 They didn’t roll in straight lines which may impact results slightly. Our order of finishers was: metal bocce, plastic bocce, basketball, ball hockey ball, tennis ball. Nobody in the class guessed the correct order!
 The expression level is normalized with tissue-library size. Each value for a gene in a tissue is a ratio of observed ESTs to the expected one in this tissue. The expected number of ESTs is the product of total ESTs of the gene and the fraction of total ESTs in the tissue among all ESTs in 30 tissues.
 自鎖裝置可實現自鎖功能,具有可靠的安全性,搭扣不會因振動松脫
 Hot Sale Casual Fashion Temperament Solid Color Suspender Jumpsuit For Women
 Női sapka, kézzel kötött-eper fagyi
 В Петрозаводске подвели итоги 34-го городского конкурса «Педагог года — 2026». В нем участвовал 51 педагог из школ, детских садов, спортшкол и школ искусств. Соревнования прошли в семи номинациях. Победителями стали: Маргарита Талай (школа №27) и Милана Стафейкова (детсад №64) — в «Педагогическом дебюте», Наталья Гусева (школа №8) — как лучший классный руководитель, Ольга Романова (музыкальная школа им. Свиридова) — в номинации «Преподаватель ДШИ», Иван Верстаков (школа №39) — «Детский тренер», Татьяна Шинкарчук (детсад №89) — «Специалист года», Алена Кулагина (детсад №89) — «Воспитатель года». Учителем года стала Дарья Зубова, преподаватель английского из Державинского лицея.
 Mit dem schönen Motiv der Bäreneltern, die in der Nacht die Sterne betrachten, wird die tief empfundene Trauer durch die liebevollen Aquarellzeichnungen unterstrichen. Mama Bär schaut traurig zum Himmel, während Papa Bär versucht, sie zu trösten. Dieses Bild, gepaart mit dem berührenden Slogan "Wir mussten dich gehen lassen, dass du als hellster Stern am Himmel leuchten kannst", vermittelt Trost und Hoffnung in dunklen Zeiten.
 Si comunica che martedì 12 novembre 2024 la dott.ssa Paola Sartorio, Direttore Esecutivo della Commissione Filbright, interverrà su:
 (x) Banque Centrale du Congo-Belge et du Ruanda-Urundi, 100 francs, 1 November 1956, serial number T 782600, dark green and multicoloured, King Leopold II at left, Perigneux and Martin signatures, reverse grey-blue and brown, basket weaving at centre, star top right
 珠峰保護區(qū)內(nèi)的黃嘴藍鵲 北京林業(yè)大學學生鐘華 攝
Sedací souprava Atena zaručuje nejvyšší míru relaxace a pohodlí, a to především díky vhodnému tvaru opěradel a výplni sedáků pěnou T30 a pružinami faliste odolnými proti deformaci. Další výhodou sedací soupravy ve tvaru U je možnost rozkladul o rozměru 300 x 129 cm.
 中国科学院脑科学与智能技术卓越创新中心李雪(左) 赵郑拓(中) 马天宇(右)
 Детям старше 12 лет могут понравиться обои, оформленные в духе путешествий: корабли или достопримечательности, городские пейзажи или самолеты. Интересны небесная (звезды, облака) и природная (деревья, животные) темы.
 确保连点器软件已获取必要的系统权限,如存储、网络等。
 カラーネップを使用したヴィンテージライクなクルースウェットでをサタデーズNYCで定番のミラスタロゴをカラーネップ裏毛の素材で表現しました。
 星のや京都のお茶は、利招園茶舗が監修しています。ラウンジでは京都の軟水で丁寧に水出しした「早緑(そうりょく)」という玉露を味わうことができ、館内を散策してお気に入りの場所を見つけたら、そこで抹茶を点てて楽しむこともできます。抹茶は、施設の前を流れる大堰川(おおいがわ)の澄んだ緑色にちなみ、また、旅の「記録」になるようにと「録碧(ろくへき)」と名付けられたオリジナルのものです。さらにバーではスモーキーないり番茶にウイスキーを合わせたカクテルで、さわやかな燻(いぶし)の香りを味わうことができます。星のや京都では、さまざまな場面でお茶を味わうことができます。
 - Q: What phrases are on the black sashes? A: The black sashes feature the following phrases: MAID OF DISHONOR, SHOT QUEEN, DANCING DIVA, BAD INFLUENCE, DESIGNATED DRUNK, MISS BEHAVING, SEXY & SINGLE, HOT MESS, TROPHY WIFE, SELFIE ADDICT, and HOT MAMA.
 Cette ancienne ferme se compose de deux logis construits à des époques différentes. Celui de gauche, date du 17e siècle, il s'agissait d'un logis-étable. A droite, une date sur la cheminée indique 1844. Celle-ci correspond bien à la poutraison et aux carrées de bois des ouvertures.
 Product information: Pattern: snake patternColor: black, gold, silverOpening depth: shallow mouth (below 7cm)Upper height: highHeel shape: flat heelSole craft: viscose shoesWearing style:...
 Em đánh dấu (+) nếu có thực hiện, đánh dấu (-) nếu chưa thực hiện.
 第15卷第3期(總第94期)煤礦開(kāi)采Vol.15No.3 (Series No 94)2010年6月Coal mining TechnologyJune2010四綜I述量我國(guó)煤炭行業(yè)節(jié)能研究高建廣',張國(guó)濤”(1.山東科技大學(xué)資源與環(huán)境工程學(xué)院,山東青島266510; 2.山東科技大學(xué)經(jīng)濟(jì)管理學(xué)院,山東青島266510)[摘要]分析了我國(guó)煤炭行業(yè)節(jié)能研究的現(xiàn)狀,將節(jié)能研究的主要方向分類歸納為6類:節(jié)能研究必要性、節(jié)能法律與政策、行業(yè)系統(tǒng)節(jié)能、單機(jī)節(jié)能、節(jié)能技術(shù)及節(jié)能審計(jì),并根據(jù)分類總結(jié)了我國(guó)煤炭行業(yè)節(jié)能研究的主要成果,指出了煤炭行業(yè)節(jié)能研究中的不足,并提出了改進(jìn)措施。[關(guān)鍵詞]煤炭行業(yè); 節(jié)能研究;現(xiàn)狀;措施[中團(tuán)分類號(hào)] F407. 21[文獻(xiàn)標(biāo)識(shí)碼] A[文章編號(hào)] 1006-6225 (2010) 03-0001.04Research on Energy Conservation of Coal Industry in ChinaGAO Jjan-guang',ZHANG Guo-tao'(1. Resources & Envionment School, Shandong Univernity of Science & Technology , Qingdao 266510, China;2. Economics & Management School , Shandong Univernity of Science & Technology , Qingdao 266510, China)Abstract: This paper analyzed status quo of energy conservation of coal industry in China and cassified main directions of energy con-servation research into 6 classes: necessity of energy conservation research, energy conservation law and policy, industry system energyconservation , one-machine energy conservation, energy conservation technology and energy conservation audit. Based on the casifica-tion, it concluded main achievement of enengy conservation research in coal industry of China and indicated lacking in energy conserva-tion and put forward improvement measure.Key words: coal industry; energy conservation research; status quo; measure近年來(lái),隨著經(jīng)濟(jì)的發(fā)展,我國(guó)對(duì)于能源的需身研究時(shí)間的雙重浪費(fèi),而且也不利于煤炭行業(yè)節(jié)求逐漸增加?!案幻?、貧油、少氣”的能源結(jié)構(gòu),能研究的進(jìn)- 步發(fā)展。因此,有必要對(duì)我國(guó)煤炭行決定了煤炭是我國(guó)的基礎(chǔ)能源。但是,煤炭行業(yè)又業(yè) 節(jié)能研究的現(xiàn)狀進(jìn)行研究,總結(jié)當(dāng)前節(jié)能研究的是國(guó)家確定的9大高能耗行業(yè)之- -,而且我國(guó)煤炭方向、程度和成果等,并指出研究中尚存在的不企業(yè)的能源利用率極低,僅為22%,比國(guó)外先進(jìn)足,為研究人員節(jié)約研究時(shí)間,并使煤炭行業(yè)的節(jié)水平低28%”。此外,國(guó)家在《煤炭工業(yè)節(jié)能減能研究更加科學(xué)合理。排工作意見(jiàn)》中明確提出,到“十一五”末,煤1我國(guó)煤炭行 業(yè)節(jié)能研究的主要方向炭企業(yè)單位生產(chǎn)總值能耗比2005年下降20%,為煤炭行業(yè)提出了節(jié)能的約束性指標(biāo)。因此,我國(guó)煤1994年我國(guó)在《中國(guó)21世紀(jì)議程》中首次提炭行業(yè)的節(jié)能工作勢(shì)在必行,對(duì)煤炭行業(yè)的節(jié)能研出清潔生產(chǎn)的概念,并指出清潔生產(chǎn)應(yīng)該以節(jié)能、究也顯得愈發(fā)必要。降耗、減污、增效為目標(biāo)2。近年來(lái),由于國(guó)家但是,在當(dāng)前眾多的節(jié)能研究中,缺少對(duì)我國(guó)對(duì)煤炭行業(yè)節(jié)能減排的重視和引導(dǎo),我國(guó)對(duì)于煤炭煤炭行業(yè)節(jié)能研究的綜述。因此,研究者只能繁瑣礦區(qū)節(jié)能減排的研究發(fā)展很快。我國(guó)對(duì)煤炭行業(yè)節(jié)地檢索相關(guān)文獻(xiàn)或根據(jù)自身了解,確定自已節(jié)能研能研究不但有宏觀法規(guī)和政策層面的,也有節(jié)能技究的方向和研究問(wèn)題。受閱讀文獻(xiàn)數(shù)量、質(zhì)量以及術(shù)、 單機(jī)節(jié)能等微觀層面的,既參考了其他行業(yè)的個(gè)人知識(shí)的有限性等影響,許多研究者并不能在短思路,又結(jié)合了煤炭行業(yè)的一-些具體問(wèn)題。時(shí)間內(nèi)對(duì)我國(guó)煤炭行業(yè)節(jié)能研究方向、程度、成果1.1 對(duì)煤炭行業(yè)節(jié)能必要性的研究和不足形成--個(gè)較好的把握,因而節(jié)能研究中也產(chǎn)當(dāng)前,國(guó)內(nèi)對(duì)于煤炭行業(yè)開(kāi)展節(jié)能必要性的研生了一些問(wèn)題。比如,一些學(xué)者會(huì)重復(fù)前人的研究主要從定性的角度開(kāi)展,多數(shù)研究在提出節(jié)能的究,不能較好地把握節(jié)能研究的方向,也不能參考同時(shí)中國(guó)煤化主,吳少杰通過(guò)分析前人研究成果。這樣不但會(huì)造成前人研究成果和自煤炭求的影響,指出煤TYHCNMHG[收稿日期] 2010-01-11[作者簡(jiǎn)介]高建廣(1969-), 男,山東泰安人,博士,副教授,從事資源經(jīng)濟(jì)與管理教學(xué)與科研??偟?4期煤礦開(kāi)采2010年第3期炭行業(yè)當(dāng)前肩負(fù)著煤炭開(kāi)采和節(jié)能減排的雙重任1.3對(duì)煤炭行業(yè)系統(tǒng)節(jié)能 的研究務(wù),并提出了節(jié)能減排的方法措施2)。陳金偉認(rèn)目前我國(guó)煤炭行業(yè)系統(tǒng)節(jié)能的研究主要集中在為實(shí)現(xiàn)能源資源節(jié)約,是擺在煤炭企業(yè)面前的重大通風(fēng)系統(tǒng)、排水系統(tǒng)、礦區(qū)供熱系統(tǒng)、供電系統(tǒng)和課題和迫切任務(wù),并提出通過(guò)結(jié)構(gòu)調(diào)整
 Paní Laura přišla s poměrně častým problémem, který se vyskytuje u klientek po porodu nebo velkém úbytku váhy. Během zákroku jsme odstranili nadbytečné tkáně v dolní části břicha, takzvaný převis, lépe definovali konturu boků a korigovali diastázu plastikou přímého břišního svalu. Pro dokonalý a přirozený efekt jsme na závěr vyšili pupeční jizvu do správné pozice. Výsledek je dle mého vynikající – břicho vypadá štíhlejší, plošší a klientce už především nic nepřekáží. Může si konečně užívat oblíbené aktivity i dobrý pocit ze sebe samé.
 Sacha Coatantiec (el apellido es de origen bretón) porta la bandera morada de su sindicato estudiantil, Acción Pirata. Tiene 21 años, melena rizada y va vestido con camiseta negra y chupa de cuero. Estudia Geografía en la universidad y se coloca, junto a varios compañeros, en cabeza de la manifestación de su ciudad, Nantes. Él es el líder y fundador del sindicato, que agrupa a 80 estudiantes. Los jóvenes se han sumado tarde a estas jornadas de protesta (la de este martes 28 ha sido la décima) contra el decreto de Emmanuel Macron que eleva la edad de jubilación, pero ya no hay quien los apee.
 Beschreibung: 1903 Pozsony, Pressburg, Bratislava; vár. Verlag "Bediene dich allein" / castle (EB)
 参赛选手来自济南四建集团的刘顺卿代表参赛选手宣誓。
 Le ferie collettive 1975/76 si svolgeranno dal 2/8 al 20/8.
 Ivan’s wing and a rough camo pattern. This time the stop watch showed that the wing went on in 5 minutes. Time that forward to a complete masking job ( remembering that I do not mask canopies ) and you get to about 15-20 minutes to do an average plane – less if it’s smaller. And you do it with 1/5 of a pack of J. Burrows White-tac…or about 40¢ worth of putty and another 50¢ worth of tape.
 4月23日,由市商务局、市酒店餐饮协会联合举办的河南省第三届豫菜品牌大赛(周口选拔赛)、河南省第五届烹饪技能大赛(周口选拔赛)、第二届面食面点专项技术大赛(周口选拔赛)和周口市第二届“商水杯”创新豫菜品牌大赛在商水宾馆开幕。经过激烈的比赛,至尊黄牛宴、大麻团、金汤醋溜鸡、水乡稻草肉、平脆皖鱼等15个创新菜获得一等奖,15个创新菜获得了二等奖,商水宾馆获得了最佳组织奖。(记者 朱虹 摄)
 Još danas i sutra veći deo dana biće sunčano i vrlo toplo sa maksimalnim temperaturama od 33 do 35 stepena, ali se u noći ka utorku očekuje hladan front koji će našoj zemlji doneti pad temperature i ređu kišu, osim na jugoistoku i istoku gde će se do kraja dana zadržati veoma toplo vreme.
************
Starting at the line above that holds "自鎖裝置可實現自鎖功能,具有可靠的安全性,搭扣不會因振動松脫" and ending at the line that holds "Női sapka, kézzel kötött-eper fagyi", transcribe each line exactly and include no other lines.

 自鎖裝置可實現自鎖功能,具有可靠的安全性,搭扣不會因振動松脫
 Hot Sale Casual Fashion Temperament Solid Color Suspender Jumpsuit For Women
 Női sapka, kézzel kötött-eper fagyi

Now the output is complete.